Here, many brands of corn tortillas now have many things added to help preserve them. . .

in the "Olden Days" (resorting to geezer talk here; gawd help me, I'ma gettin' old), corn tortillas were just nixtamalized ground corn (masa) and water. If you stored these puppies out of the fridge, you would get dried or moldy tortillas muy pronto. Now I see various food acids added to corn tortillas to help preserve them and make them stay flexible, and alot have amylase added. Here are ingredients for Mission Estilo Casero White Corn Tortillas: Corn masa flour, water, cellulose gum, propionic acid (to preserve freshness), benzoic acid (to preserve freshness), phosphoric acid (preservative), guar gum, amylase. I think the amylase is added to make sure they have a "sweeter" corn flavor. This is the same enzyme that is in your saliva and It helps break down starches into sugars. I prefer the olden-style tortillas, but they are hard to find in a grocery store, even in a Mexican market. I have found them in tortillerias though; you can get really fresh tortillas here, sometimes warm and just, literally, minutes old--delish.

 
Here's a simple, simple hint for parchment from The Artful Baker: scrunch it up.

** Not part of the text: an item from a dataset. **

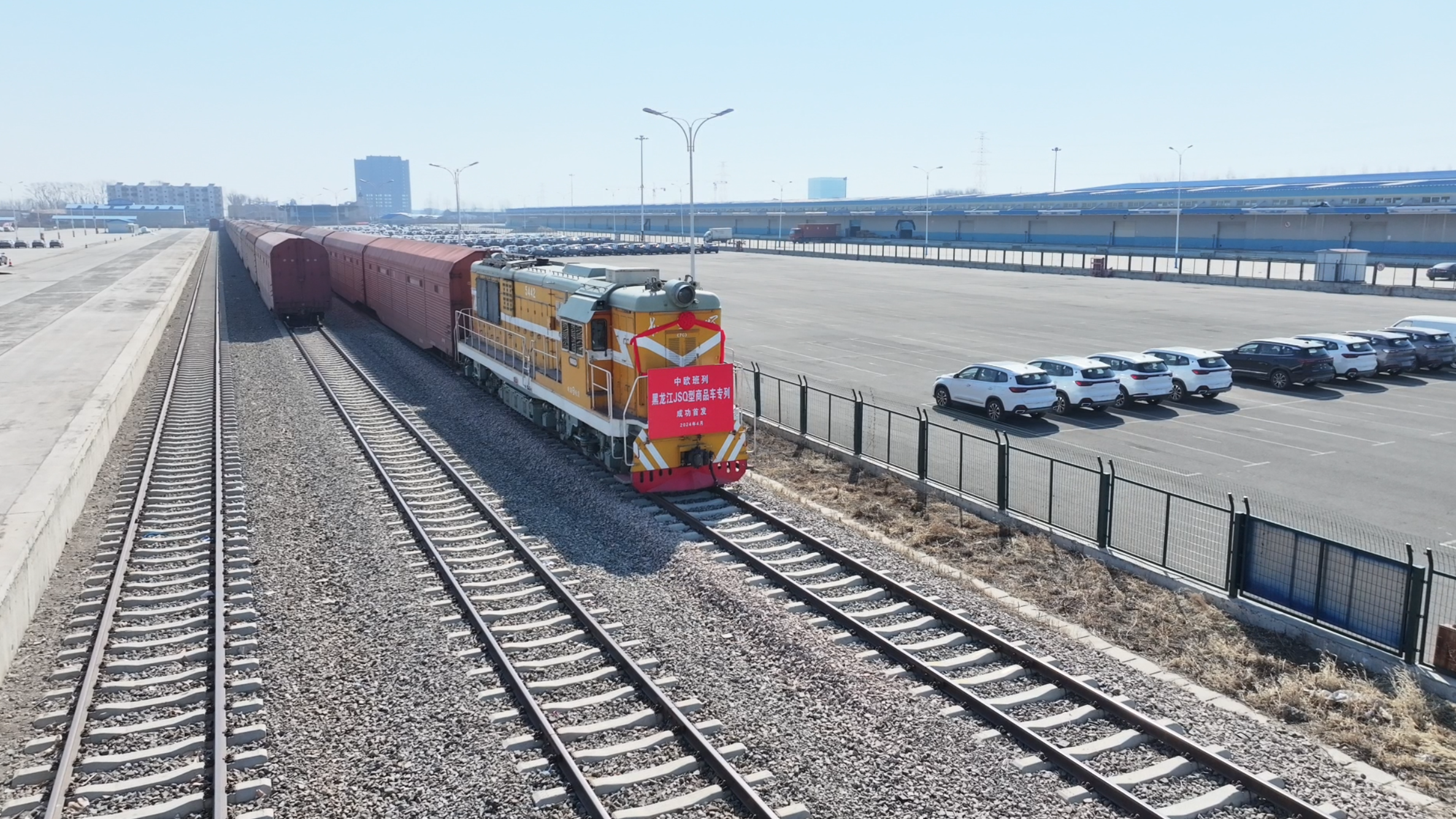 4月9日,一列编组29节JSQ(商品车铁路运输)专用车厢,满载290台国产商品汽车的中欧班列从哈尔滨国际集装箱中心站始发,经满洲里铁路口岸出境驶向欧洲。这是黑龙江省开行的首趟JSQ专用车型商品车中欧班列,装运量提升一倍,商品车安全也更有保障。

Yep...that's all you do and then the sharp edges don't poke into delicate raw crusts. I was looking at a photo of a par-baked crust and thought he was using cheesecloth. But in the text, he says to take a piece of parchment, crumple it up, then crumple it up again, and then again and finally, it will be nice and soft, but still do the job it's meant to do as well as fit nicely into curves.

I love when someone shows me something so simple.

 
Never in my life do I remember corn tortillas being refrigerated here

They have always been their own section in the bread aisle.

 
FYI, I never line my cake pans. I just spray, the end. I can’t think of the last time they weren’t

Perfect.

I recently fell in love with the spray coconut oil from Trader Joe’s, but I used to do it with just the plain canola oil or Pam spray. No flour or anything else. I do the same thing when I making quick breads. I just spray the pan let everything cool about 10 minutes and pop them right out.

The thing about cakes, to me anyway, is if they had some chunks missing I could fix it with frosting anyway, but I’ve never had to.

Also a nice trick for not getting domed cakes, Shout out to pastries like a pro blog for the tip, is to spray only the bottom and not the sides of the cake pan. This way the cake doesn’t slide down the sides while it’s baking and create a domed top. Just make sure you let it cool for a few minutes and then run a knife around the edge.

Oh and I always freeze my cooled cakes Before icing. This was a tip I learned way back from probably Gail’s, but it keeps the cake from crumbling and is a huge help when icing.

 
My late 2 cents worth...

You don't leave the oven ajar on modern ovens because they are already at a deficiency in temperature to actually broil. Electric coils, which is what most of us have these days whether we want to or not (we don't have a gas line to our kitchen) cannot really do the job that an old gas grill did. Leave the door close to get enough heat. I never leave the oven door ajar.

I make my tortillas when I need them. I never buy store bought. A bag of masa, some water, and a hot griddle? I'm good.

Lining the pans. I actually use wax instead of parchment. I have both and I always use parchment for cookie sheets. But I think the wax gives another layer of "I"m not sticking" to the equation. Plus it is so easy. I haven't had a cake stick to a pan in the 25 years I've been greasing the bottoms of the pan, lining with waxed, and then greasing and flouring. They pop out to perfection every time.